Discovery of novel antiviral treatments and development of new antiviral platforms for enteroviruses

Abstract

Enterovirus A71 (EV-A71) has emerged as a public health threat in the Asia-Pacific region. Over the past decades, EV-A71 associated hand, foot and mouth disease (HFMD) epidemics recurred with high frequency and disease severity. Infection with EV-A71 has been of particular concern as it can cause severe cardiopulmonary and neurological complications, which have been commonly reported as causes of mortality in complicated HFMD cases. However, no effective antiviral drug is available currently. To foster the antiviral development, we focused on developing a new antiviral platform using small intestinal organoids, and identifying a novel host factor that can be targeted for antiviral treatment for enteroviral infections.

In our study, we first investigated the susceptibility of small intestinoids to infections by different enterovirus species. We characterized the viral replication kinetics and expression profiles of different enterovirus receptors. We found that small intestinoids supported replications of EV-A71, coxsackievirus B2 (CVB2) and poliovirus type 3 (PV-3) but not EV-D68, which is a respiratory virus. In addition, we showed that the system exhibited satisfactory consistency and reproducibility as demonstrated by different antiviral assays. Hence, we also provided a new piece of antiviral data of itraconazole against EV-A71 replication in the physiological relevant small intestinoid model.

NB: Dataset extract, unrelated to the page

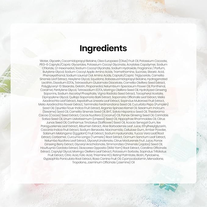 - SKIN-LOVING INGREDIENTS. Fortified with a Multivitamin Complex, this hydrating face wash nourishes and soothes. Herb Tea Extracts help calm the skin, while 19 Plant Oils, including Moringa, Jojoba, and Camellia, provide deep hydration. Plus, Niacinamide refines texture, leaving skin refreshed and renewed.

Next, we identified GADD34 as a novel host dependency gene that facilitated EV-A71 replication using the transcriptomic approach. To investigate the effect of GADD34 expression on EV-A71 replication, we assessed the viral load change after promoting and suppressing GADD34 expression by siRNA knockdown and overexpression of GADD34. Expression of GADD34 was found to be directly correlated with the viral replication. Furthermore, it was shown that EV-A71 infection induced up-regulation of GADD34 expression, which reduced eIF-2α phosphorylation and promoted the viral replication. We found that suppressed expression of GADD34 protein led to an elevated level of eIF-2α phosphorylation and reduction of viral protein synthesis. These observations suggested that GADD34 promoted EV-A71 replication via the reduction of eIF-2α phosphorylation. Sephin1 is a selective inhibitor of GADD34. It has currently completed Phase I clinical trial with a promising pharmacokinetic profile for targeting the central and peripheral nervous system. To explore the potential of Sephin1 being re-purposed into an antiviral drug against enteroviral infections, we further assessed the antiviral activity of Sephin1 in RD cell line, small intestinoid and iPSC-derived human neural progenitor cell models. We demonstrated that Sephin1 treatment significantly inhibited EV-A71 replication in these models. Importantly, we also showed that Sephin1 elicited broad-spectrum antiviral activity against a variety of enterovirus species including CVB2, PV-3 and EV-D68. Interestingly, it was also reported Sephin1 inhibited replications of a variety of RNA and DNA viruses. Collectively, the broad antiviral spectrum of Sephin1 indicates it has a high potential to be developed into a broad-spectrum antiviral drug against a wide range of viruses. The significance of the control by eIF-2α phosphorylation over the viral replications is also denoted, warranting further in-depth investigation.

Taken together, our findings advance our understanding of EV-A71 pathogenesis and the antiviral development against enteroviral infections.